Uncertain Tax Positions
The following table summarizes the activity related to our gross unrecognized tax benefits (in millions):
Year Ended December 31,
 201820192020
Beginning gross unrecognized tax benefits$4,696 $4,652 $3,377 
Increases related to prior year tax positions321 938 372 
Decreases related to prior year tax positions(623)(143)(557)
Decreases related to settlement with tax authorities(191)(2,886)(45)
Increases related to current year tax positions449 816 690 
Ending gross unrecognized tax benefits$4,652 $3,377 $3,837 
The total amount of gross unrecognized tax benefits was $4.7 billion, $3.4 billion, and $3.8 billion as of December 31, 2018, 2019, and 2020, respectively, of which, $2.9 billion, $2.3 billion, and $2.6 billion, if recognized, would affect our effective tax rate, respectively. The decrease in gross unrecognized tax benefits in 2019 was primarily as a result of the resolution of multi-year audits.
As of December 31, 2019 and 2020, we accrued $130 million and $222 million in interest and penalties in provision for income taxes, respectively.
We file income tax returns in the U.S. federal jurisdiction and in many state and foreign jurisdictions, our two major tax jurisdictions are the U.S. federal and Ireland. We are subject to the continuous examination of our income tax returns by the IRS and other tax authorities. The IRS is currently examining our 2016 through 2018 tax returns. We have also received tax assessments in multiple foreign jurisdictions asserting transfer pricing adjustments or permanent establishment. We continue to defend any and all such claims as presented.
The tax years 2011 through 2019 remain subject to examination by the appropriate governmental agencies for Irish tax purposes. There are other ongoing audits in various other jurisdictions that are not material to our financial statements.
We regularly assess the likelihood of adverse outcomes resulting from these examinations to determine the adequacy of our provision for income taxes. We continue to monitor the progress of ongoing discussions with tax authorities and the effect, if any, of the expected expiration of the statute of limitations in various taxing jurisdictions.

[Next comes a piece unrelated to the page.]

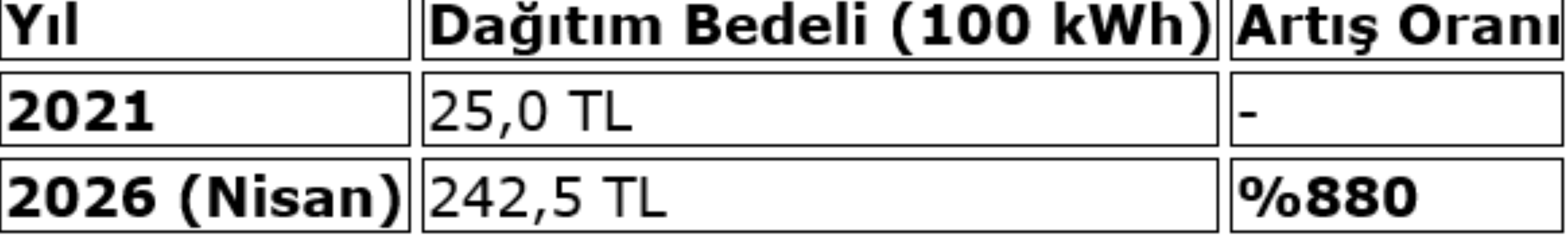 Bugün ortaya çıkan tablo son derece çarpıcıdır: 1 kWh elektrik için yaklaşık 49 kuruş enerji bedeli ödenirken, aynı elektriğin dağıtımı için bunun yaklaşık 5 katı, yani 2,4 TL tahsil edilmektedir.

We believe that an adequate provision has been made for any adjustments that may result from tax examinations. However, the outcome of tax audits cannot be predicted with certainty. If any issues addressed in our tax audits are resolved in a manner not consistent with management's expectations, we could be required to adjust our provision for income taxes in the period such resolution occurs. Although the timing of resolution, settlement, and closure of audits is not certain, we do not believe it is reasonably possible that our unrecognized tax benefits will materially change in the next 12 months.